Resultó que este fue el primero de una larga serie de errores que cambiarían mi vida para siempre. Poco después de vender el coche, recibí una visita bastante misteriosa e inesperada de dos caballeros que afirmaban ser científicos del DSIR (Departamento de Investigación Científica e Industrial). 

Estaban haciendo averiguaciones sobre el vehículo que acababa de vender.
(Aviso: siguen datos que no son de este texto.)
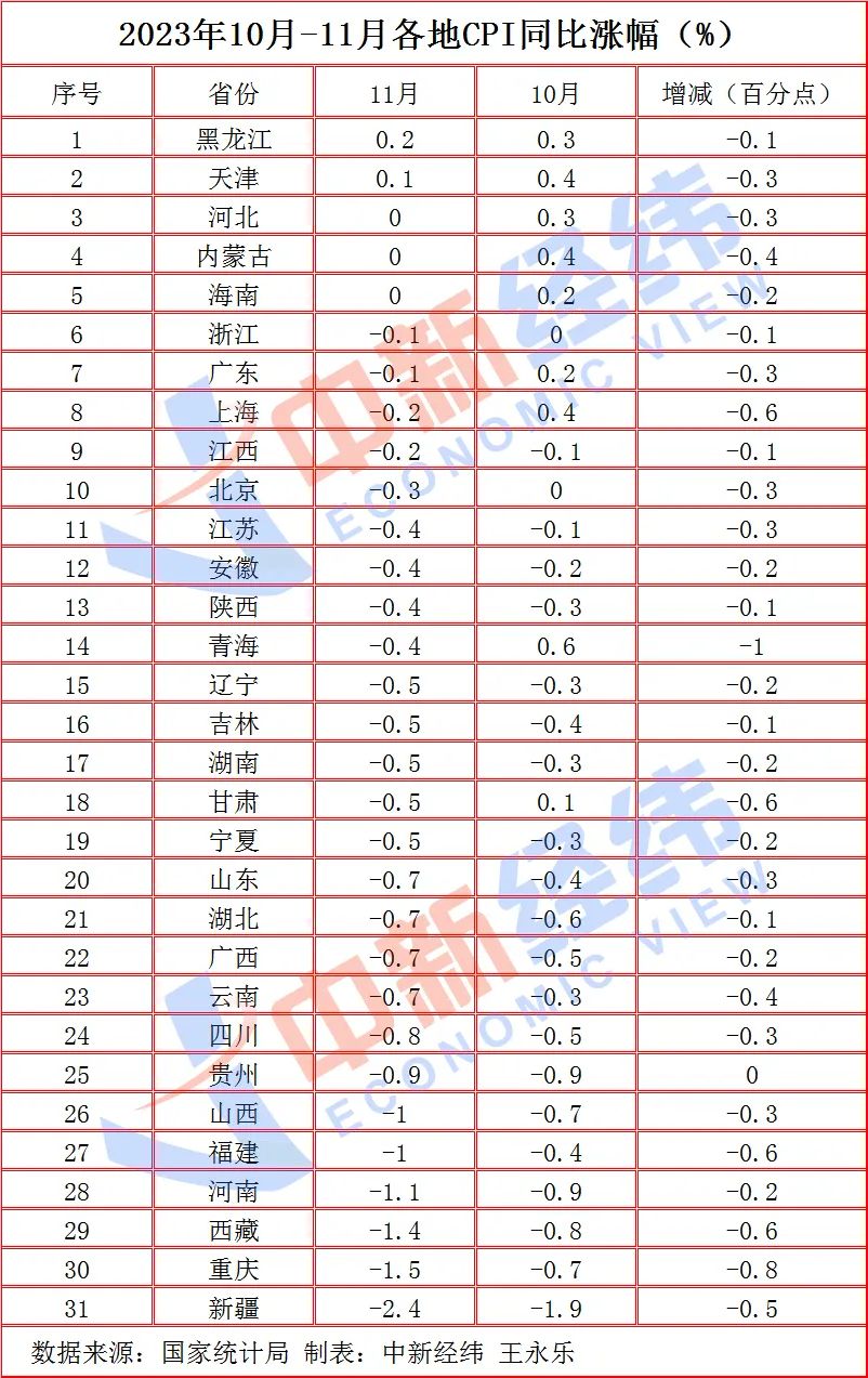 日前,国家统计局公布了31省份2023年11月居民消费价格指数(CPI)。中新经纬梳理发现,11月,26省份CPI同比下降。其中,贵州、河南、山西等3省份物价连续八个月回落。

Entre otras cosas, querían saber dónde había estado el coche —y yo— últimamente; si había sufrido algún accidente con un poste de luz o haber estado bajo campos eléctricos de alto voltaje; y si se le había realizado alguna soldadura electrónica recientemente.

Incluso querían saber si alguien había trabajado recientemente en el sistema de inyección de combustible. No paraban de preguntar. Decir que me sorprendieron sería quedarse corto, y solo pude responder que no a la mayoría de sus preguntas. 

Cuando finalmente recuperé la compostura lo suficiente como para preguntar por qué querían saber todo eso, su respuesta fue, cuanto menos, vaga. 

Un interesado les había pedido que lo investigaran, fue todo lo que me dijeron. Estos científicos del DSIR parecían muy ansiosos y bastante entusiasmados al principio.

Cuando no pude decirles nada que satisficiera su curiosidad, su actitud cambió notablemente, y no para bien. Me mostraron una foto, supuestamente de la placa del circuito de mezcla de aire y combustible de mi antiguo coche, pero era una imagen especular exacta de lo que debería haber llevado, o eso decían. 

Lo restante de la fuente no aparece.